Ryan Mckay*, Robyn Langdon, Max Coltheart

*Corresponding author for this work

    Research output: Chapter in Book/Report/Conference proceedingConference proceeding contributionpeer-review

    Abstract

    Humans are agents that want and like, and the impact of our desires and preferences upon our ordinary, everyday beliefs is well-documented (Gilovich, 1991). The influence of such motivational factors on delusions, which are instances of pathological misbelief, has tended however to be neglected by certain prevailing models of delusion formation and maintenance (e.g. Ellis and Young, 1990; Stone and Young, 1997; Davies & Coltheart, 2000; Langdon & Coltheart, 2000; Davies, Coltheart, Langdon & Breen, 2001). This paper explores a distinction between two general classes of theoretical explanation for delusions; the motivational and the deficit. Motivational approaches view delusions as extreme instances of self-deception; as defensive attempts to relieve pain and distress.

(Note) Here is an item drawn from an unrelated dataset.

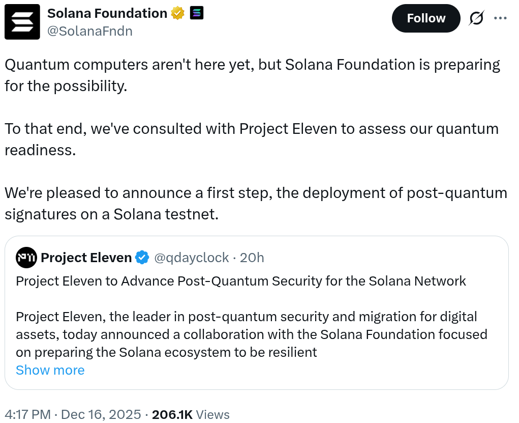 Solana基金会宣布与后量子加密安全公司Project Eleven建立合作伙伴关系,旨在为Solana应对量子计算崛起做好技术准备。

Deficit approaches, in contrast, view delusions as the consequence of defects in the normal functioning of belief mechanisms, underpinned by neuroanatomical or neurophysiological abnormalities. It is argued that although there are good reasons to be sceptical of motivational theories (particularly in their more floridly psychodynamic manifestations), recent experiments confirm that motives are important causal forces where delusions are concerned. It is therefore concluded that the most comprehensive account of delusions will involve a theoretical unification of both motivational and deficit approaches. An attempt is made to develop just such a rapprochement, taking as its point of departure a current cognitive neuropsychiatric model of delusion formation, the two-deficit model of Coltheart, Langdon, Davies and Breen.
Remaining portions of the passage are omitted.